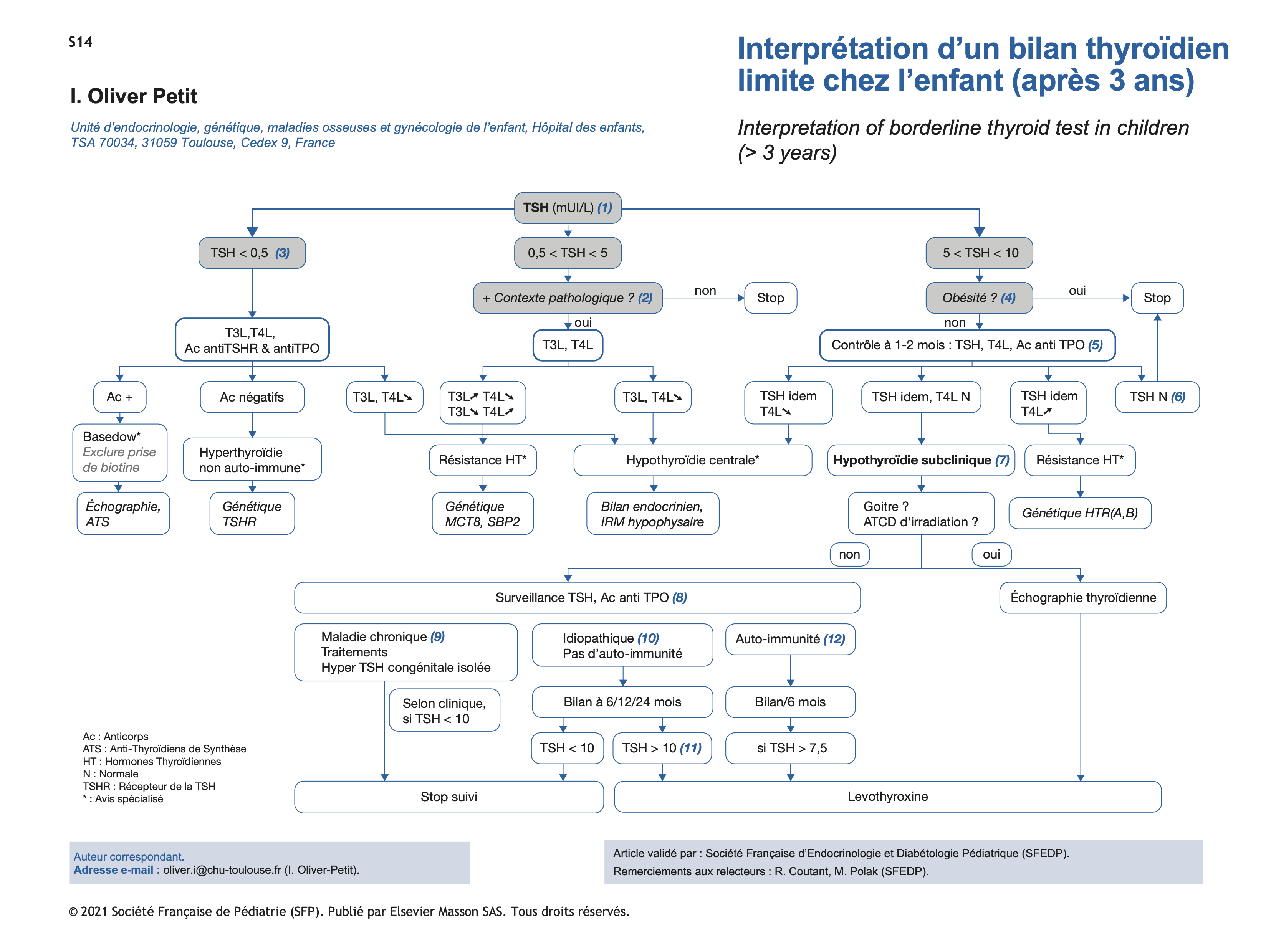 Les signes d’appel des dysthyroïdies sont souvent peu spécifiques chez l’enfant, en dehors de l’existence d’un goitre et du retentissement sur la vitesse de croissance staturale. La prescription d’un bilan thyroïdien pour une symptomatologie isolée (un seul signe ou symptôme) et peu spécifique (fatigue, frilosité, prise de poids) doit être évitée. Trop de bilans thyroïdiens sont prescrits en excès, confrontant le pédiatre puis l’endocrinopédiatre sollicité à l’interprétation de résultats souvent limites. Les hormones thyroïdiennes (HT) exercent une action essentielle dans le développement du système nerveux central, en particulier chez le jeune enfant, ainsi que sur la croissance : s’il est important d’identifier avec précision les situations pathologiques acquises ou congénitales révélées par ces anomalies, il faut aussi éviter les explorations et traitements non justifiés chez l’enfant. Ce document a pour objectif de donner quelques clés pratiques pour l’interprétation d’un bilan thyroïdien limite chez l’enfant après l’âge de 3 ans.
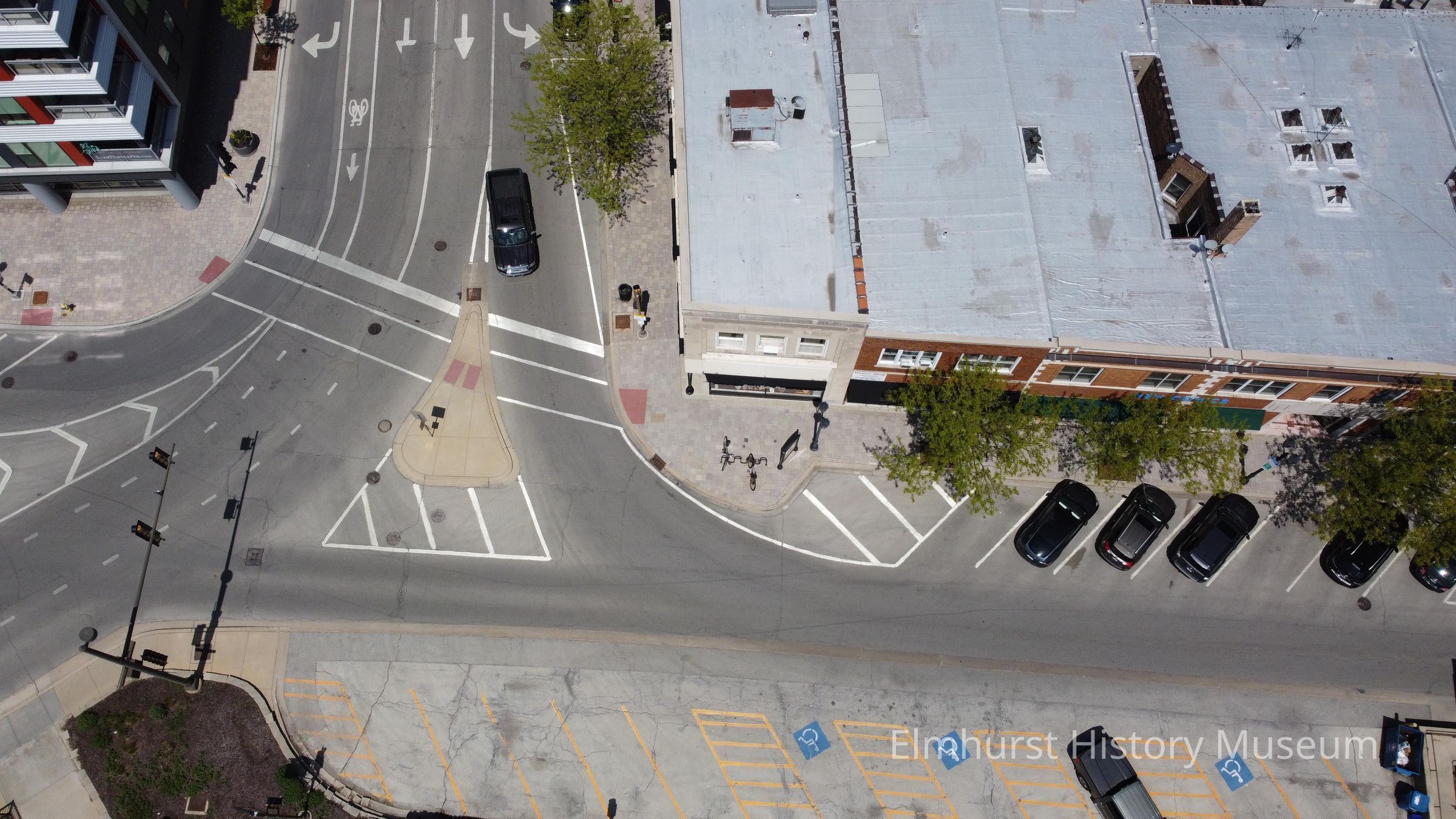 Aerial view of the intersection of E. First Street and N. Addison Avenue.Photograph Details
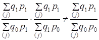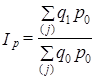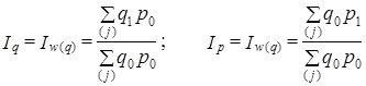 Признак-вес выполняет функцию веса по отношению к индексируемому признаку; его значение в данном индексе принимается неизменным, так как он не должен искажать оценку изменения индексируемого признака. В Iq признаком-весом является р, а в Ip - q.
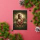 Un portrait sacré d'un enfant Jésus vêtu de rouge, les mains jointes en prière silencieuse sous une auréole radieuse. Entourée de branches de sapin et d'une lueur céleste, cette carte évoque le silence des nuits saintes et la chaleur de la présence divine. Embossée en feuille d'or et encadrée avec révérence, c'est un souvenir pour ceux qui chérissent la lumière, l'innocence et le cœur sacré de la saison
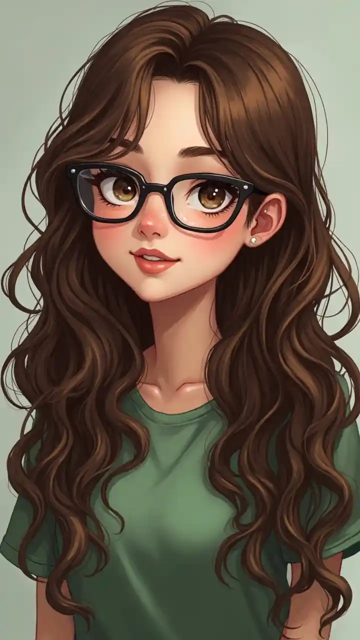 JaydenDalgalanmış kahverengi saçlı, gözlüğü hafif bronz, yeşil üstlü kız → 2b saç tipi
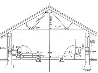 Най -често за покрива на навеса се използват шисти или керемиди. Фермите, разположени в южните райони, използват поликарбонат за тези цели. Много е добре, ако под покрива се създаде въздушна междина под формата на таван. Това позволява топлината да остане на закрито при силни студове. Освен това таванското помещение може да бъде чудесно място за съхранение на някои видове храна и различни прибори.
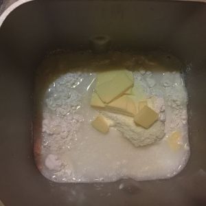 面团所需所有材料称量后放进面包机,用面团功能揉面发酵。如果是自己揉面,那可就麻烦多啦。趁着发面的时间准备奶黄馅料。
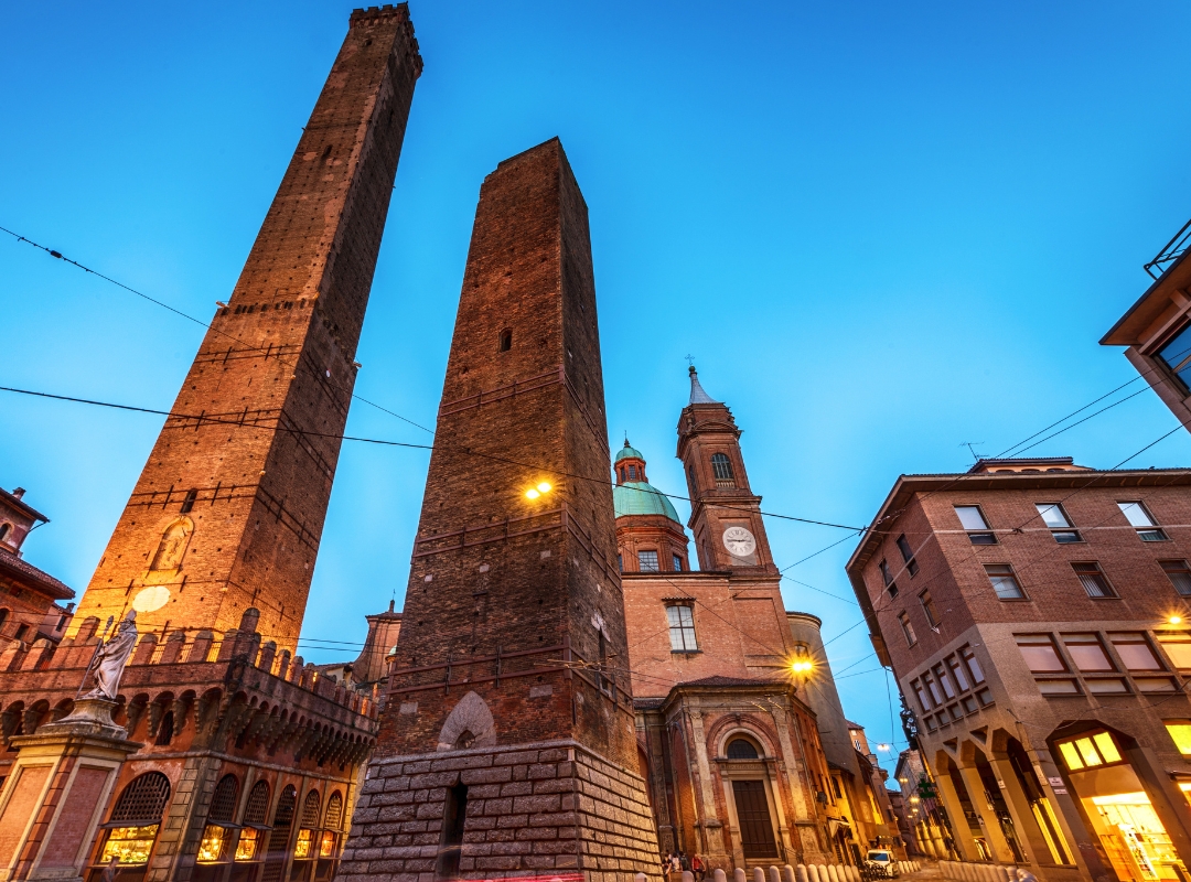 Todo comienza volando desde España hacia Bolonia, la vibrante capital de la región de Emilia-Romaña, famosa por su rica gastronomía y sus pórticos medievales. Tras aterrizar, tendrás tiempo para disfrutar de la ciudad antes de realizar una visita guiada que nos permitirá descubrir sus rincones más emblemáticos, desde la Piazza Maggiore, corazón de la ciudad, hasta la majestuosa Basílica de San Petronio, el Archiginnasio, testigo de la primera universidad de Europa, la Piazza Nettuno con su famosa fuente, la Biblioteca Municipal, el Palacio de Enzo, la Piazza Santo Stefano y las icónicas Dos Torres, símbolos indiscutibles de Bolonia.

_Task description_:
Retype, exactly and with no pictures, everything above from the line with "JaydenDalgalanmış kahverengi saçlı, gözlüğü" down to the line with "面团所需所有材料称量后放进面", both included.

_Answer box_:
 JaydenDalgalanmış kahverengi saçlı, gözlüğü hafif bronz, yeşil üstlü kız → 2b saç tipi
 Най -често за покрива на навеса се използват шисти или керемиди. Фермите, разположени в южните райони, използват поликарбонат за тези цели. Много е добре, ако под покрива се създаде въздушна междина под формата на таван. Това позволява топлината да остане на закрито при силни студове. Освен това таванското помещение може да бъде чудесно място за съхранение на някои видове храна и различни прибори.
 面团所需所有材料称量后放进面包机,用面团功能揉面发酵。如果是自己揉面,那可就麻烦多啦。趁着发面的时间准备奶黄馅料。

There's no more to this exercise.